Down to the final line, print the records below exactly and without pictures.
====== TASK INPUTS
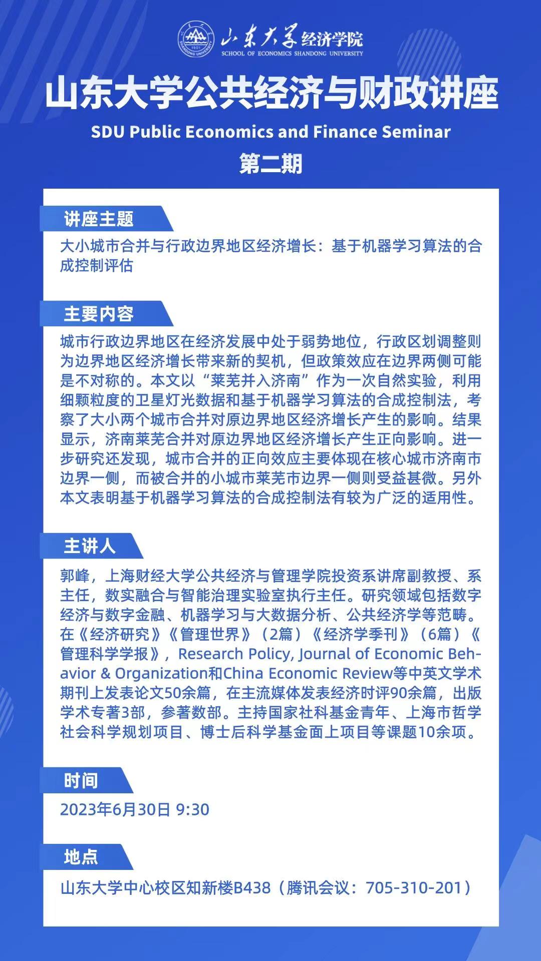 大小城市合并与行政边界地区经济增长:基于机器学习算法的合成控制评估(太阳成集团tyc41183公共经济与财政讲座第二期)
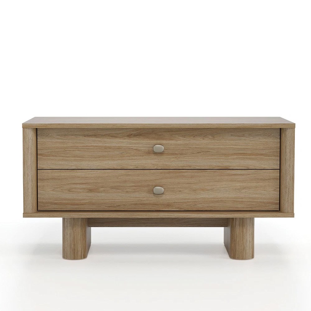 Тумба под ТВ PERGE сочетает теплоту натурального дубового оттенка с современной текстурой дерева. Металлические ручки цвета "металлик визон" добавляют дизайну элегантности, а прочные МДФ-углы и ножки создают стильный и надежный облик.
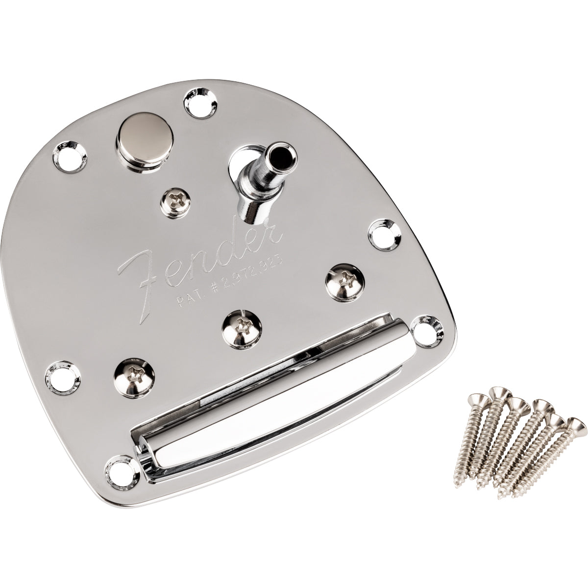 Chrome-plated steel tremolo plate with stop tailpiece. "Fender" and "Pat # 2972923" are stamped into the plate. Assembly also includes tremolo lock button and tremolo arm bushing.
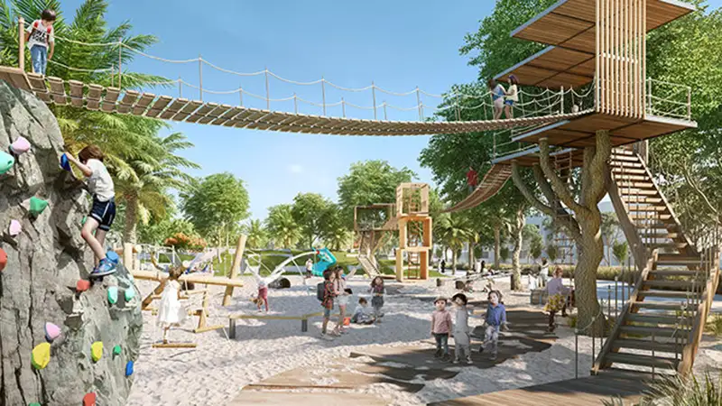 » Emphasizing well-being, it features spacious outdoor areas, landscaped pool decks, and extensive green spaces that encourage relaxation, rejuvenation, and a connection to nature.
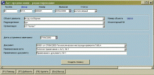 Каталога объектов ремонта (вызов режима выбора по F3, выбор значения по Enter).
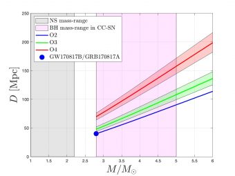 Distanze dell’orizzonte in funzione della massa di buchi neri inizialmente in rapida rotazione mediante mass-scaling di Gw 170817B/Grb 170817A (punto blu) e miglioramento del rilevatore in O4 rispetto a O2. È evidenziato l’intervallo di massa previsto dei buchi neri prodotti in Cc-Sne energetiche (magenta). Crediti: Maurice H.P.M. van Putten et al., ApJL, 2024
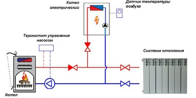 Обвязка твердотопливного и газового котла (электрокотла) Данная обвязка актуальна и пользуется спросом у жителей загородных домов. Она позволяет организовать
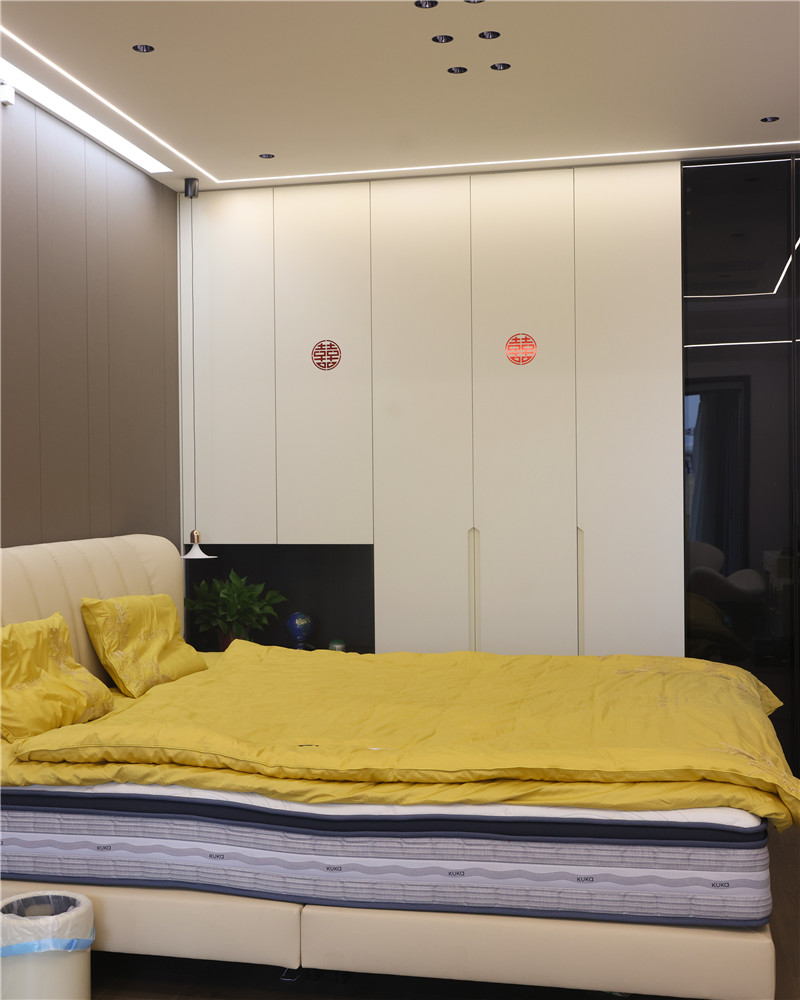 臥室一側(cè)整面立柜,配合銑槽拉手簡約利落;梳妝臺抬高設(shè)計(jì),融入圓弧造型,典雅溫柔;整體空間主燈與輔燈相結(jié)合式設(shè)計(jì),空間層次感強(qiáng)。
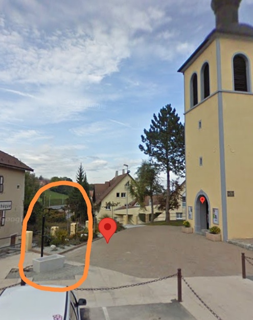 La fontaine ressemble à une potence, sur la place de l'église, un robinet poussoir est accessible sur le côté droit.
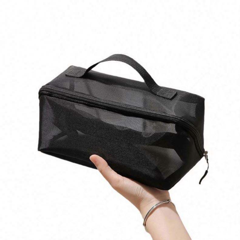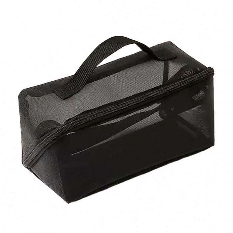 Nouvelle conception, grande capacité, trousse de toilette en maille transparente, sac de maquillage carré pour voyage en plein air
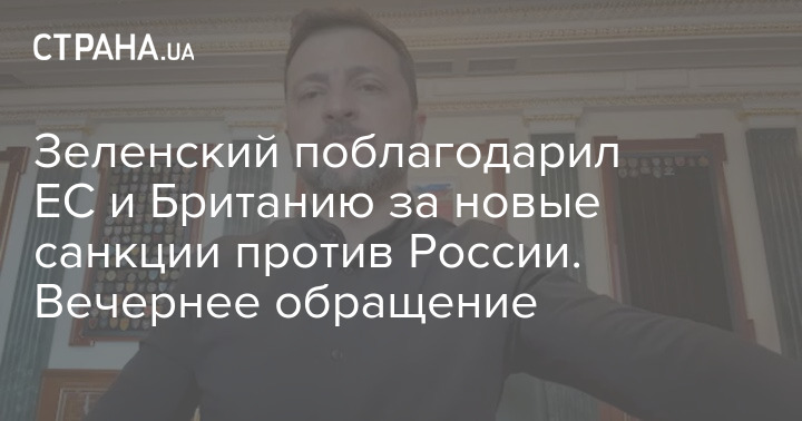 Президент Украины Владимир Зеленский выразил признательность странам Евросоюза и Лондону за новые санкции против Москвы.
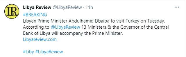 Ο μεταβατικός (υπηρεσιακός) πρωθυπουργός της Λιβύης, Αμπντούλ Χαμίντ Ντμπεϊμπά, θα επισκεφθεί την Τουρκία την Τρίτη, μετέδωσε το Libya Review.
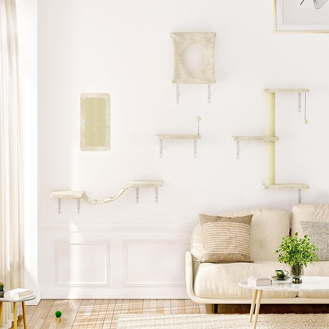 - Space-Saving Design - Mounts to your wall, freeing up valuable floor space – perfect for small apartments or modern homes. This indoor cat wall shelves gives your kitty a dedicated space to climb, jump, and lounge, significantly reducing their impact on your living area.
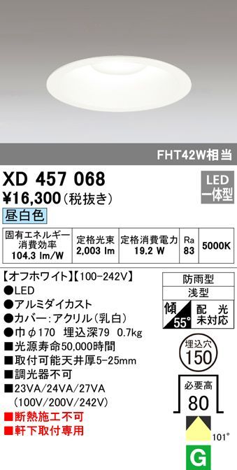 XD457068 オーデリック エクステリアLED ダウンライト [FHT42W相当][昼白色][防雨型][傾斜天井対応][φ150]
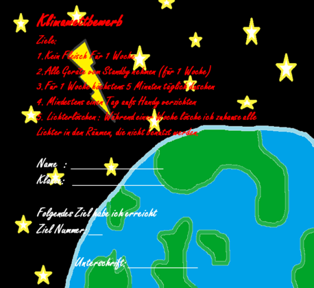 Wollen die Kinder beim Wettbewerb mitmachen, müssen sie eines der vorgegebenen Ziele zum Energiesparen während einer Woche umsetzen.
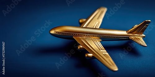 Golden Airplane Model on Blue Background Highlighting a Sleek Design
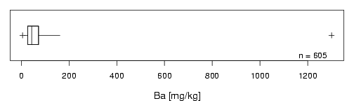 library(StatDA) data(chorizon) Ba=chorizon[,"Ba"] pdf("fig-3-16.pdf",paper="special",width=7,height=2) par(mar=c(4,1,1,1)) rg.boxplot(Ba,ifbw=T,colr=0,xlab="Ba [mg/kg]",cex.lab=1.2) dev.off() |
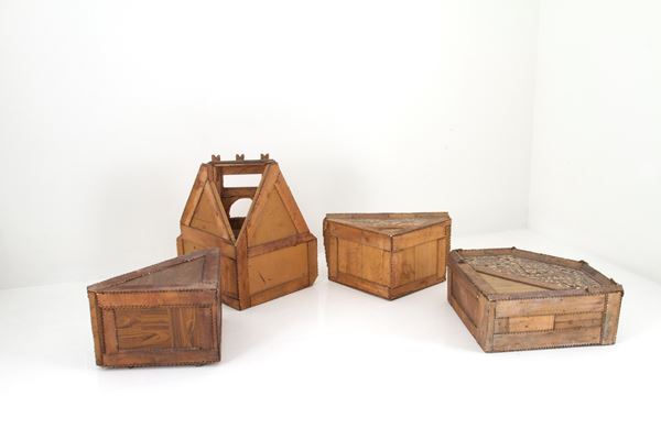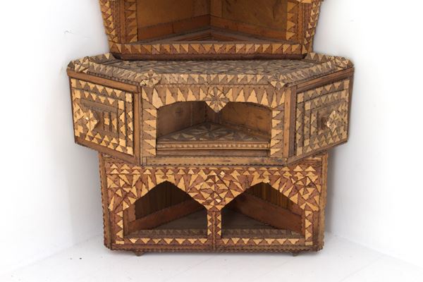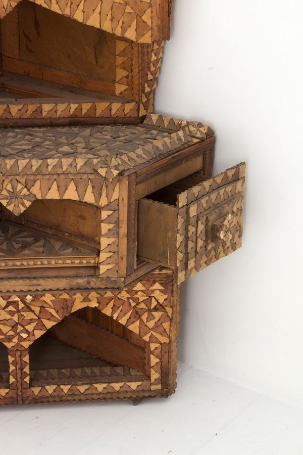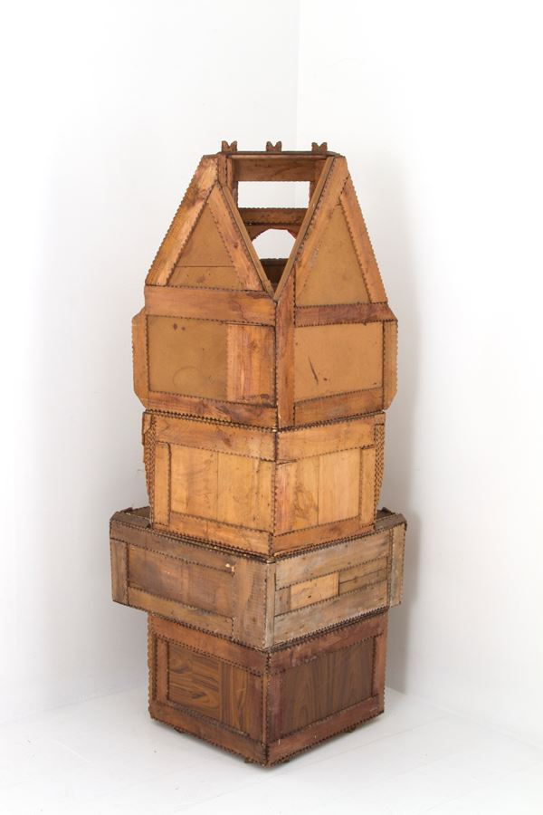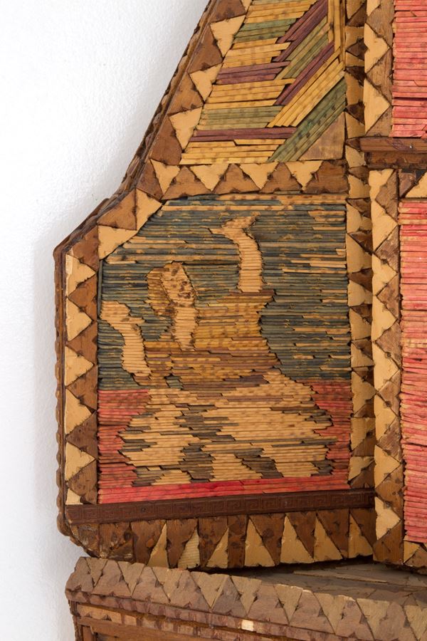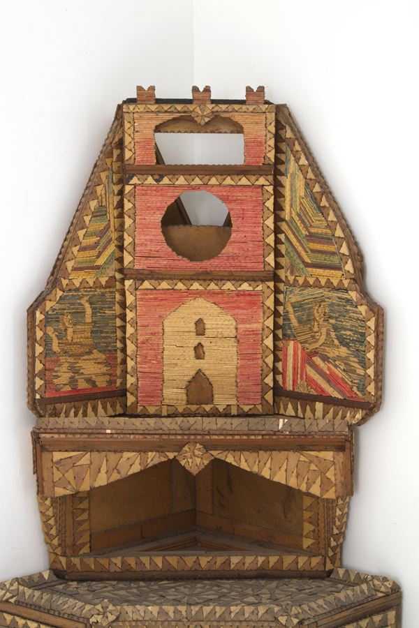 Four-body corner cupboard with two figures and various decorations, made with colored wooden dowels. 1980s-1990s. Published in the artist's monograph edited by Bianca Tosatti, an art critic specialized in Art Brut, in 2012, p. 176, n. 90.
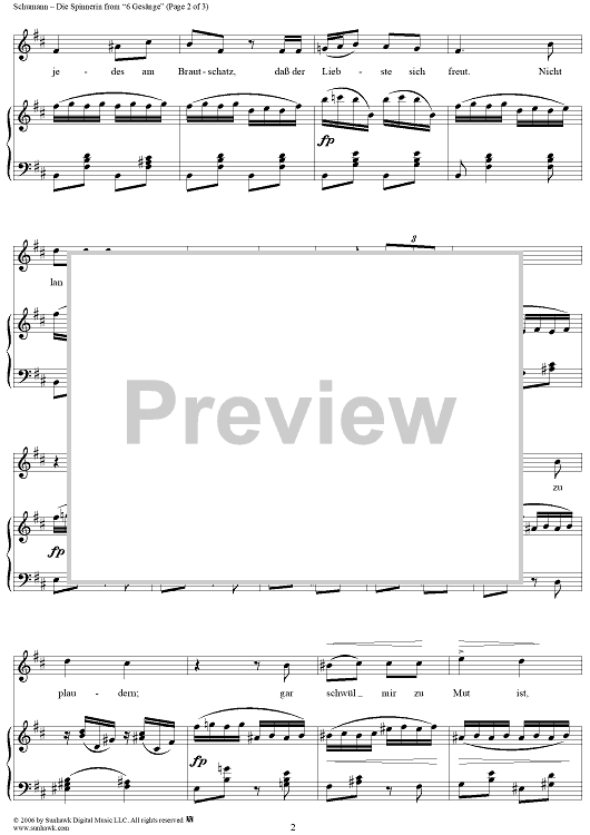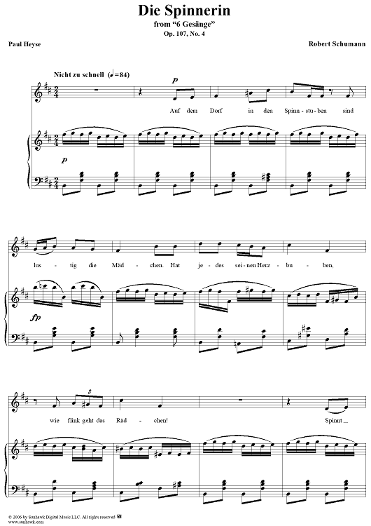 Digital Sheet Music for Die Spinnerin, No. 4, Op. 107 by Robert Schumann, Paul Heyse scored for Voice/Piano; id:318122
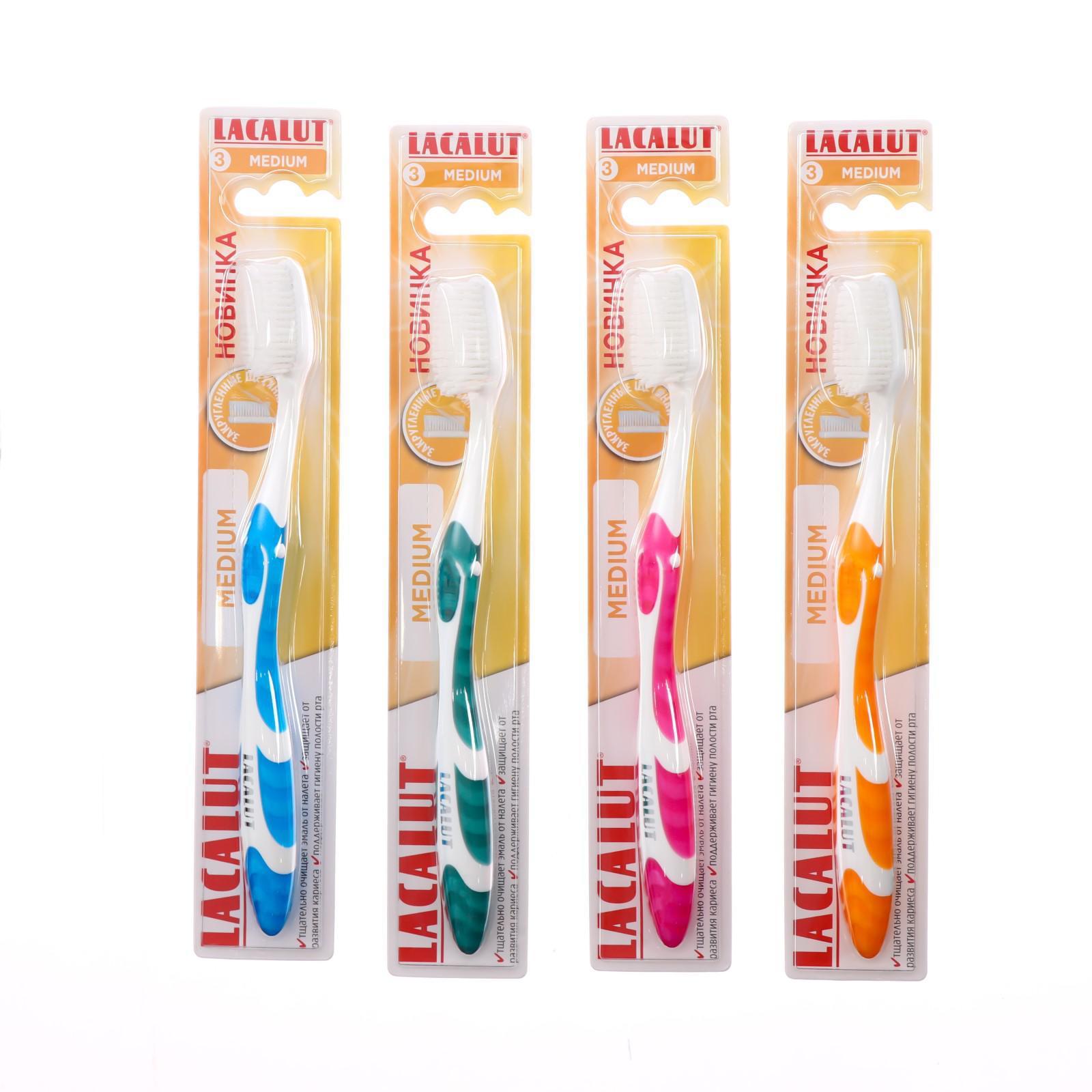 Зубная щетка Lacalut medium идеально подходит людям, стремящимся сохранить природную белизну зубов. Закругленные щетинки средней жесткости тщательно удаляют бактериальный зубной налет с поверхности эмали, препятствуя возникновению и развитию кариеса. Нескользящая эргономичная ручка с подушечкой для большого пальца позволяет регулировать нагрузку на эмаль и десны и обеспечивает комфорт во время чистки зубов.
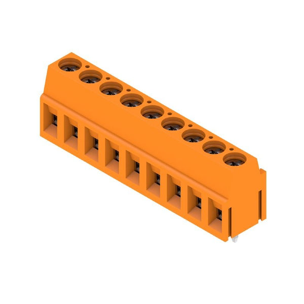 The LM 5.00/09/90 3.5SN OR BX is a durable terminal block designed for secure electrical connections with a 5.00mm pitch. Its robust construction makes it ideal for industrial applications. The orange color provides easy identification, and the terminal block is packaged in a box for bulk usage.
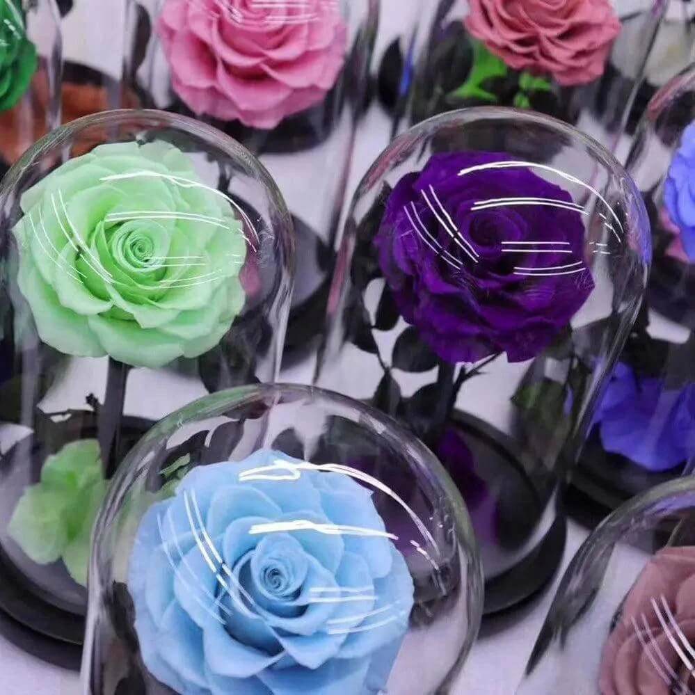 În plus față de frumusețea sa, criogenarea asigură că trandafirul nu își pierde culoarea sau forma, oferind un decor durabil pentru casa sau biroul tău. Cupola de sticlă împreună cu suportul de lemn creează un aranjament sofisticat, perfect pentru vitrine sau birouri.
============
**SOLUTION TO THIS EXERCISE:**
 大小城市合并与行政边界地区经济增长:基于机器学习算法的合成控制评估(太阳成集团tyc41183公共经济与财政讲座第二期)
 Тумба под ТВ PERGE сочетает теплоту натурального дубового оттенка с современной текстурой дерева. Металлические ручки цвета "металлик визон" добавляют дизайну элегантности, а прочные МДФ-углы и ножки создают стильный и надежный облик.
 Chrome-plated steel tremolo plate with stop tailpiece. "Fender" and "Pat # 2972923" are stamped into the plate. Assembly also includes tremolo lock button and tremolo arm bushing.
 » Emphasizing well-being, it features spacious outdoor areas, landscaped pool decks, and extensive green spaces that encourage relaxation, rejuvenation, and a connection to nature.
 Каталога объектов ремонта (вызов режима выбора по F3, выбор значения по Enter).
 Distanze dell’orizzonte in funzione della massa di buchi neri inizialmente in rapida rotazione mediante mass-scaling di Gw 170817B/Grb 170817A (punto blu) e miglioramento del rilevatore in O4 rispetto a O2. È evidenziato l’intervallo di massa previsto dei buchi neri prodotti in Cc-Sne energetiche (magenta). Crediti: Maurice H.P.M. van Putten et al., ApJL, 2024
 Обвязка твердотопливного и газового котла (электрокотла) Данная обвязка актуальна и пользуется спросом у жителей загородных домов. Она позволяет организовать
 臥室一側(cè)整面立柜,配合銑槽拉手簡約利落;梳妝臺抬高設(shè)計(jì),融入圓弧造型,典雅溫柔;整體空間主燈與輔燈相結(jié)合式設(shè)計(jì),空間層次感強(qiáng)。
 La fontaine ressemble à une potence, sur la place de l'église, un robinet poussoir est accessible sur le côté droit.
 Nouvelle conception, grande capacité, trousse de toilette en maille transparente, sac de maquillage carré pour voyage en plein air
 Президент Украины Владимир Зеленский выразил признательность странам Евросоюза и Лондону за новые санкции против Москвы.
 Ο μεταβατικός (υπηρεσιακός) πρωθυπουργός της Λιβύης, Αμπντούλ Χαμίντ Ντμπεϊμπά, θα επισκεφθεί την Τουρκία την Τρίτη, μετέδωσε το Libya Review.
 - Space-Saving Design - Mounts to your wall, freeing up valuable floor space – perfect for small apartments or modern homes. This indoor cat wall shelves gives your kitty a dedicated space to climb, jump, and lounge, significantly reducing their impact on your living area.
 XD457068 オーデリック エクステリアLED ダウンライト [FHT42W相当][昼白色][防雨型][傾斜天井対応][φ150]
 Wollen die Kinder beim Wettbewerb mitmachen, müssen sie eines der vorgegebenen Ziele zum Energiesparen während einer Woche umsetzen.
 Golden Airplane Model on Blue Background Highlighting a Sleek Design
 library(StatDA) data(chorizon) Ba=chorizon[,"Ba"] pdf("fig-3-16.pdf",paper="special",width=7,height=2) par(mar=c(4,1,1,1)) rg.boxplot(Ba,ifbw=T,colr=0,xlab="Ba [mg/kg]",cex.lab=1.2) dev.off() |
 Four-body corner cupboard with two figures and various decorations, made with colored wooden dowels. 1980s-1990s. Published in the artist's monograph edited by Bianca Tosatti, an art critic specialized in Art Brut, in 2012, p. 176, n. 90.
 Digital Sheet Music for Die Spinnerin, No. 4, Op. 107 by Robert Schumann, Paul Heyse scored for Voice/Piano; id:318122
 Зубная щетка Lacalut medium идеально подходит людям, стремящимся сохранить природную белизну зубов. Закругленные щетинки средней жесткости тщательно удаляют бактериальный зубной налет с поверхности эмали, препятствуя возникновению и развитию кариеса. Нескользящая эргономичная ручка с подушечкой для большого пальца позволяет регулировать нагрузку на эмаль и десны и обеспечивает комфорт во время чистки зубов.
 The LM 5.00/09/90 3.5SN OR BX is a durable terminal block designed for secure electrical connections with a 5.00mm pitch. Its robust construction makes it ideal for industrial applications. The orange color provides easy identification, and the terminal block is packaged in a box for bulk usage.
 În plus față de frumusețea sa, criogenarea asigură că trandafirul nu își pierde culoarea sau forma, oferind un decor durabil pentru casa sau biroul tău. Cupola de sticlă împreună cu suportul de lemn creează un aranjament sofisticat, perfect pentru vitrine sau birouri.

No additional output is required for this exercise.